An interesting related feature in Lagrange could be the creation of an offline archive by saving contents of a capsule and all of its linked pages up to a chosen depth. That would also determine if any links are bad.

When it comes to making too many requests, multiple ones spaced out a few seconds apart are already too much for the lowest-end hardware running servers in Geminispace.

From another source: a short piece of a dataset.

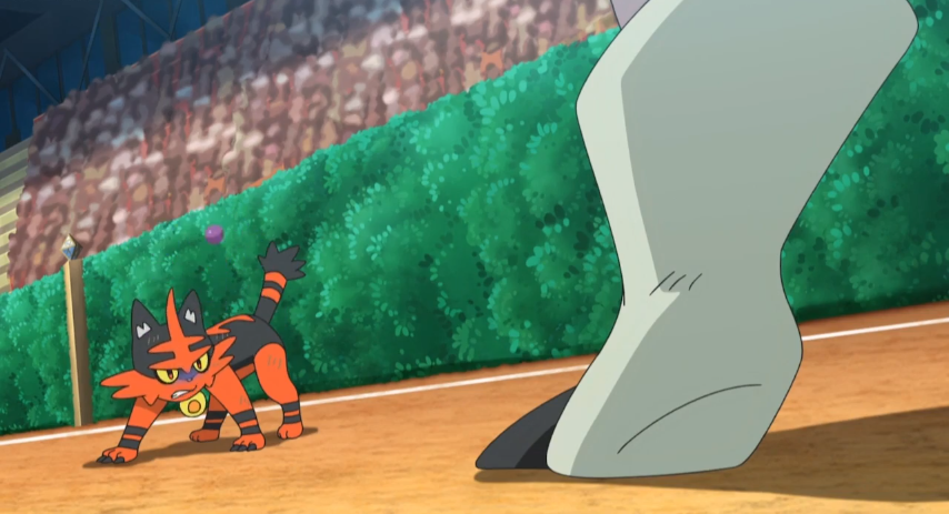 Tectass gelingt es in der Folge gleich, Miezunder mit seinem Gifthieb zu vergiften und stark zu schwächen. Nur mit großer Anstrengung kann es danach Tectass' Neck Strike ausweichen und sich an diesem mit Feuerzahn festbeißen. Doch recht bald kann Tectass Ashs Feuer-Pokémon abschütteln und mit einem weiteren Hieb besiegen.

🍵 michaelnordmeyer · Dec 01 at 07:37:

What happened to Gemini's paradigm "one page, one request?"

☯️ oldernow · Dec 01 at 16:29:

Now that I know the "two finger tap" trick to properly display a working context menu in Lagrange, exercising my "check links" code goes like this:

@skyjake that makes me wonder whether there's already (or might be in the future..) the means to customize the "context menu"? It would be nice to be able to add an action that calls a user script to process and return a modified version of the page being viewed - in place. Then the above list could be reduced to just the first bullet.

🚀 skyjake · Dec 01 at 16:44:

At the moment, there is no way for one to add actions to the context menu. It's a nice idea, though. I'll add it to my list of things to do.